> **Dataset records**:
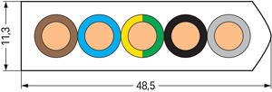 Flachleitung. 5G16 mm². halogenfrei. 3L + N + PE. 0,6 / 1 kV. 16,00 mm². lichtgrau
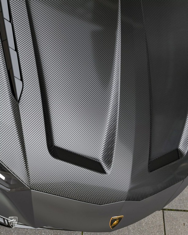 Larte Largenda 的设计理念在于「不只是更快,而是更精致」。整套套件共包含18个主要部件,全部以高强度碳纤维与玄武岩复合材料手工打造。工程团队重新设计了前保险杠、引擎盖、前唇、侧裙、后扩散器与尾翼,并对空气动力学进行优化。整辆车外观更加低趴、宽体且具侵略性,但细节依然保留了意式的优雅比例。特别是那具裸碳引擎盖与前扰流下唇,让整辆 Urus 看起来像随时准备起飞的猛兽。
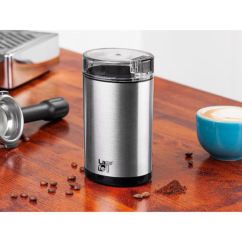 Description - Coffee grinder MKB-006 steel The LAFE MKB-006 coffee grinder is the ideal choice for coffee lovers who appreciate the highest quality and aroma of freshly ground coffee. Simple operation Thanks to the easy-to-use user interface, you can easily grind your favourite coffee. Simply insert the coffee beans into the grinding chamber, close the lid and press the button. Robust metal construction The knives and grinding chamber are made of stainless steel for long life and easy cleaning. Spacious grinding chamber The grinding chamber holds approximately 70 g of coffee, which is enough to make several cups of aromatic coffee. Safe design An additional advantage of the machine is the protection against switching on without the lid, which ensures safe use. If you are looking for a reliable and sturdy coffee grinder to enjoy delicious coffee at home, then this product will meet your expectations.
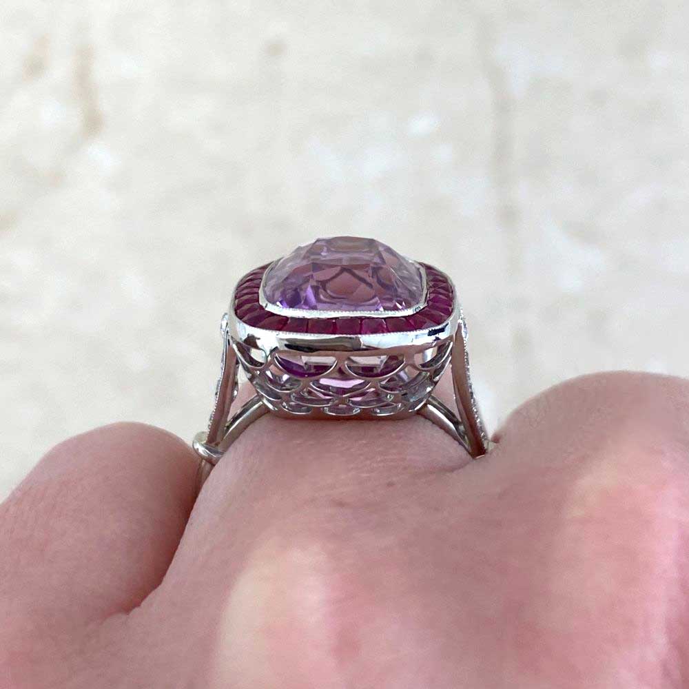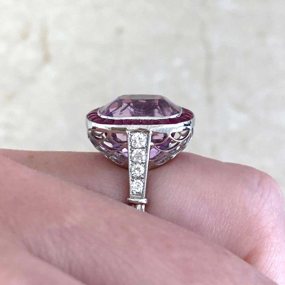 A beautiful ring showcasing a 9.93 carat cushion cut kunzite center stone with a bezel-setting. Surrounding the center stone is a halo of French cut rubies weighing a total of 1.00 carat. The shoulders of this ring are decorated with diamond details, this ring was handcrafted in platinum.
---
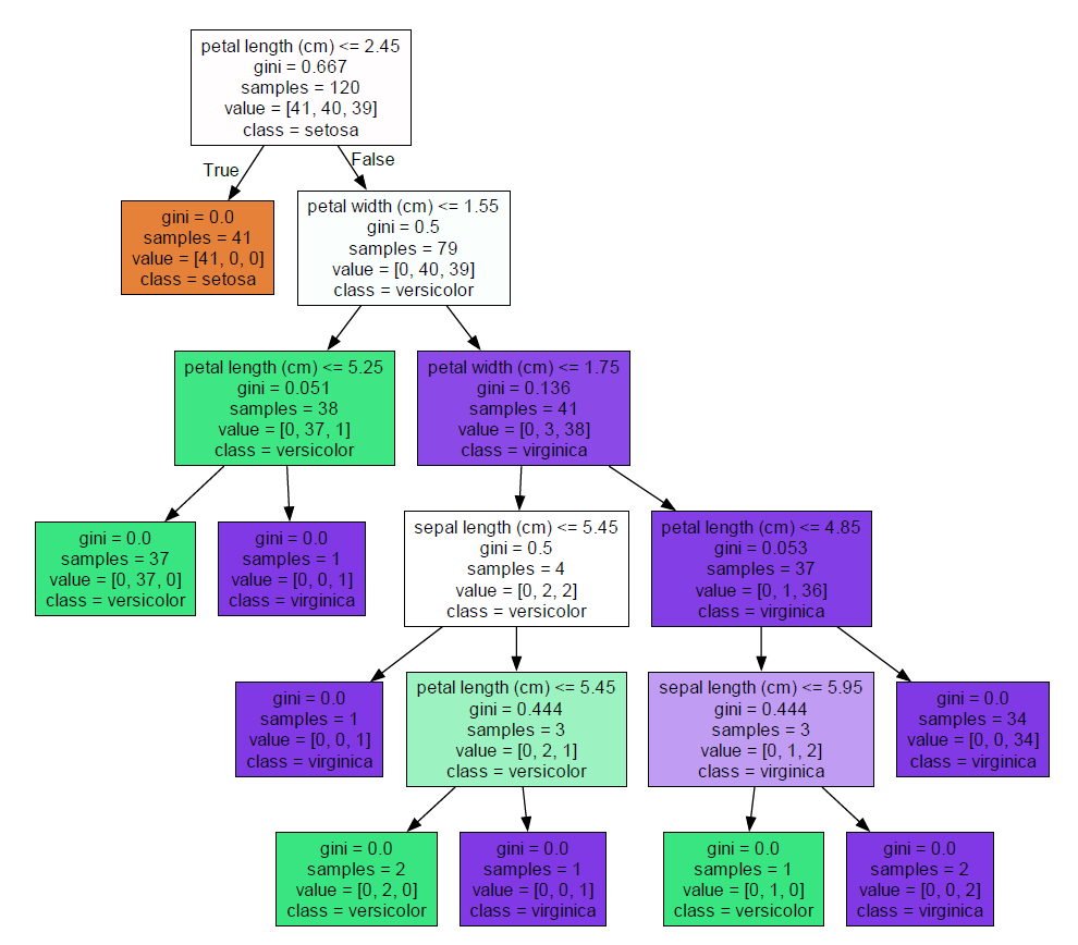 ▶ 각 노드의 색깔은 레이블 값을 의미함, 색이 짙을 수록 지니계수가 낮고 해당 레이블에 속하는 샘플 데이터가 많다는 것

> **What you have to do**:
Would you please reproduce the entries above, starting at the line with "Flachleitung. 5G16 mm²." and stopping after the line with "Description - Coffee"? Omit any pictures.

> **Answer to this problem**:
 Flachleitung. 5G16 mm². halogenfrei. 3L + N + PE. 0,6 / 1 kV. 16,00 mm². lichtgrau
 Larte Largenda 的设计理念在于「不只是更快,而是更精致」。整套套件共包含18个主要部件,全部以高强度碳纤维与玄武岩复合材料手工打造。工程团队重新设计了前保险杠、引擎盖、前唇、侧裙、后扩散器与尾翼,并对空气动力学进行优化。整辆车外观更加低趴、宽体且具侵略性,但细节依然保留了意式的优雅比例。特别是那具裸碳引擎盖与前扰流下唇,让整辆 Urus 看起来像随时准备起飞的猛兽。
 Description - Coffee grinder MKB-006 steel The LAFE MKB-006 coffee grinder is the ideal choice for coffee lovers who appreciate the highest quality and aroma of freshly ground coffee. Simple operation Thanks to the easy-to-use user interface, you can easily grind your favourite coffee. Simply insert the coffee beans into the grinding chamber, close the lid and press the button. Robust metal construction The knives and grinding chamber are made of stainless steel for long life and easy cleaning. Spacious grinding chamber The grinding chamber holds approximately 70 g of coffee, which is enough to make several cups of aromatic coffee. Safe design An additional advantage of the machine is the protection against switching on without the lid, which ensures safe use. If you are looking for a reliable and sturdy coffee grinder to enjoy delicious coffee at home, then this product will meet your expectations.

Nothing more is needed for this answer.